The federal government also has three more executions scheduled before President-elect Joe Biden is inaugurated on Jan. 20.
Among them is Lisa Montgomery, the only woman on federal death row who was convicted of killing a pregnant woman in 2004 and cutting the baby from her womb. She would be the first woman executed in about 60 years.
“At the end of the year, more states and counties had moved to end or reduce death-penalty usage, fewer new death sentences were imposed than in any prior year since capital punishment resumed in the U.S. in 1970s, and states carried out fewer executions than at any time in the past 37 years,” said Robert Dunham, DPIC’s executive director.
“What was happening in the rest of the country showed that the administration’s policies were not just out of step with the historical practices of previous presidents, they were also completely out of step with today’s state practices,” he added.

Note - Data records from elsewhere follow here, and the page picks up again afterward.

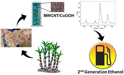 The image represents the origin of bagasse of sugarcane, extraction of carbohydrates from bagasse and carbohydrates analysis using the glassy carbon electrode modified with multi-walled carbon nanotubes containing cobalt oxide nanoparticles (GCE/MWCNT/CoOOH) electrode coupled to high-performance liquid chromatography (HPLC) with reverse pulsed amperometric detection for the production of second generation ethanol.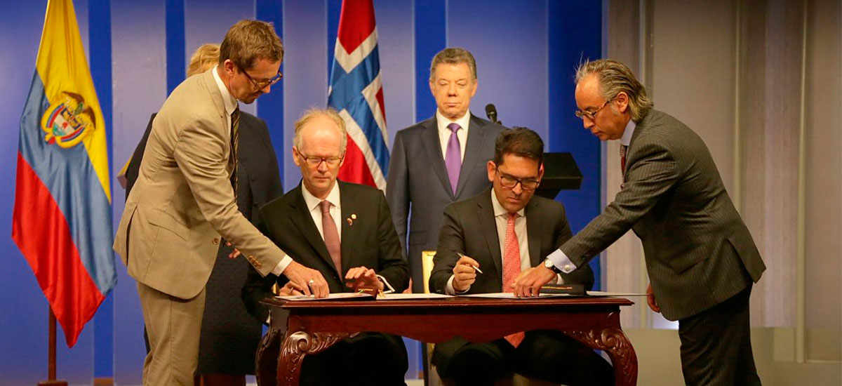 Bogotá, 9 abril 2018 (@MinAgricultura-@JuanGZuluaga) En la visita de la Primera Ministra de Noruega, Erna Solberg, el Ministro de Agricultura y Desarrollo Rural, Juan Guillermo Zuluaga Cardona, firmó el Memorando de Entendimiento para la Cooperación del sector pesquero y acuícola en el marco del programa noruego Pesca para el Desarrollo.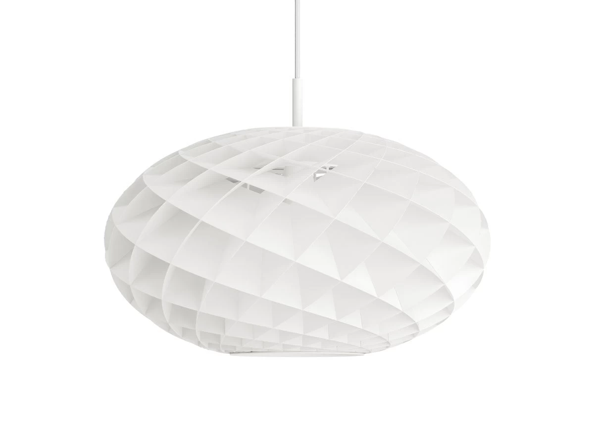 Shade made from cut matt PVC, with suspension in white, opal, matt coated, injection moulded polycarbonate. White textile cable.
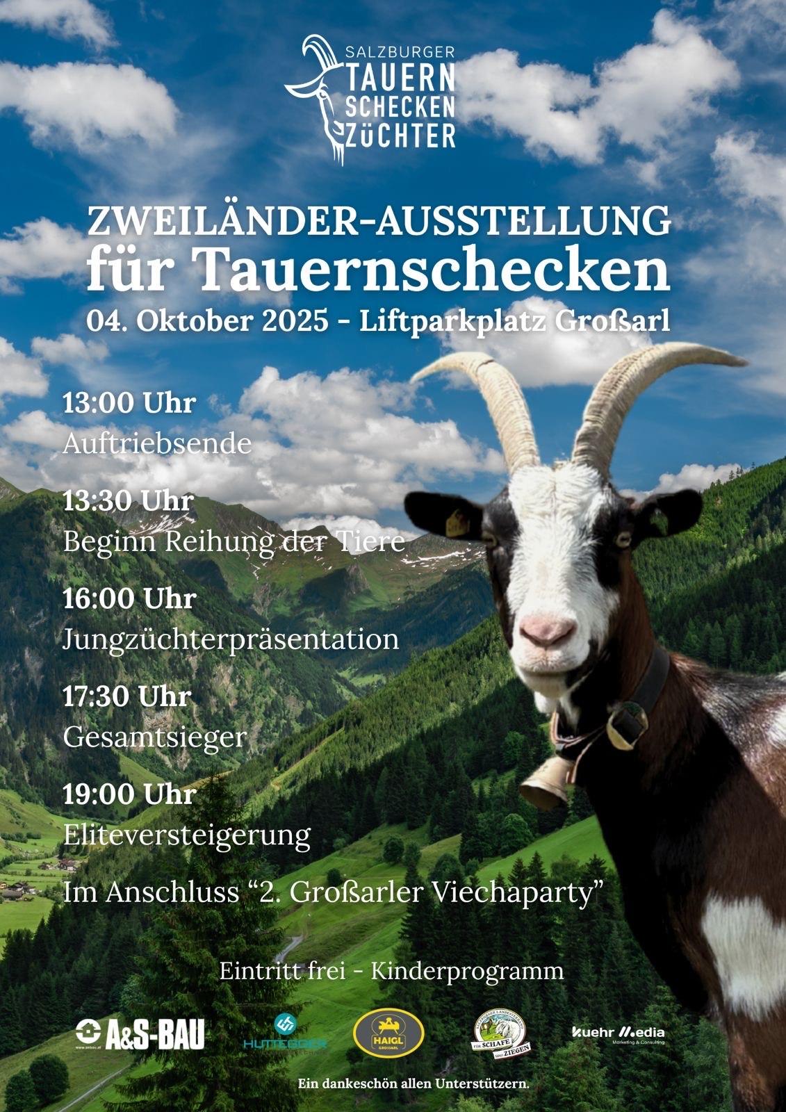 Die Zweiländer-Ausstellung für Tauernschecken beginnt um 13.00 Uhr mit dem Auftrieb der Tiere, gefolgt von der Reihung, bei der Zuchtexperten die Qualität der Tiere bewerten. Um 16.00 Uhr findet die Jungzüchterpräsentation statt und um 17.30 Uhr wird der Gesamtsieger gekürt. Eine Eliteversteigerung startet um 19.00 Uhr, bei der die besten Tiere zum Verkauf angeboten werden. Im Anschluss sorgt die "2. Großarler Viechaparty" mit musikalischer Unterhaltung durch "Die Sunnseitna" für einen stimmungsvollen Ausklang. Der Eintritt ist frei, es gibt auch ein tolles Kinderprogramm. Auf Ihr Kommen freuen sich die Rossbauern aus dem Großarltal. Freier Eintritt!

Attorney General William Barr first announced in 2019 that the DOJ would resume capital punishment following a decline over the last decade in executions. Public opinion has increased against the practice in recent years over concerns that capital punishment disproportionately impacts African Americans.
The DPIC report cites a Gallup poll from this year showing 43 percent of respondents oppose the death penalty, the highest figure in the poll since 1966.
Biden has said he opposes the death penalty and said during his campaign he’d work to pass legislation to eliminate the federal use of capital punishment.